I started out by cloning the RELAX NG presentation, which started out oas
a clone of the Unicode presentation I did in 2001 and 2002.  I decided
to use OpenOffice.org[1] this time, though, rather than PowerPoint.
(I had actually used OOo before but had worked exclusively in ppt format.)
After a frenzied day of writing on Sunday, I had something with a random
mixture of basic fonts: Courier New for monowidth text, and Arial Unicode
MS (held over from the Unicode presentation) and Times New Roman for
everything else.  Urgh.

I wanted a sans serif font that looked better than Arial.  I had read the
docs on Gentium[2], a Latin/Greek font now being distributed by SIL, and
it sounded good.  I fetched it and applied it at a few selected spots
in my presentation: it looked good, too, and I suspect it'll look even
better blown up and projected.

How to clean up the font mess?  Just thinking about trying to fix this
with the UI gave me the willies.  I poked around a bit to see if there
was a font substitution dialogue box, but the one I found didn't seem
to do what I wanted.

How to fix it, then?  Easy.  I used Unix (meaning, in this case, the
Cygwin[3] toolkit on Windows) tools to fix things up.  Unzip took the
OOo file apart for me, and grep found that two files (content.xml and
styles.xml) contained the strings "Arial Unicode MS" and "Times New
Roman".  I opened each file in ex[4] (only two lines long, each of them)
and substituted each of these strings with "Gentium".  Zip put the files
back into the OOo .sxi file again, and I reopened.

Didn't work.

Mozilla Firebird's XML-tree view mode showed me that in the declaration
of styles in content.xml, some instances of 'fo:font-family="Gentium"'
were followed by 'style:font-family-generic="swiss"'.  Aha, I thought,
the program thinks I want serifed Gentium, which does not exist.
Another pass with ex removed the above attribute, and zip merged the
new version of content.xml back into the .sxi file.

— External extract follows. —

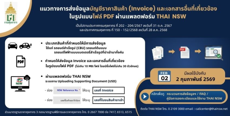 แนวทางการส่งข้อมูลบัญชีราคาสินค้า (Invoice) และเอกสารอื่นที่เกี่ยวข้องในรูปแบบไฟล์ PDF ผ่านแพลตฟอร์ม THAI NSW

Didn't work.  It claimed the font was Gentium, but still showed the old cruft.

I made a trivial change, reversed it, and did a Save.  Opening the
document now shows beauuuuutiful Gentium everywhere.

[1] http://www.openoffice.org
[2] http://scripts.sil.org/cms/scripts/page.php?site_id=nrsl&item_id=Gentium
[3] http://www.cygwin.com
[4] I'm an "ex" troglodyte; no vi or emacs for me.  Deal with it.

-- 
But that, he realized, was a foolish            John Cowan
thought; as no one knew better than he          jcowan@r...
that the Wall had no other side.                http://www.ccil.org/~cowan
        --Arthur C. Clarke, "The Wall of Darkness"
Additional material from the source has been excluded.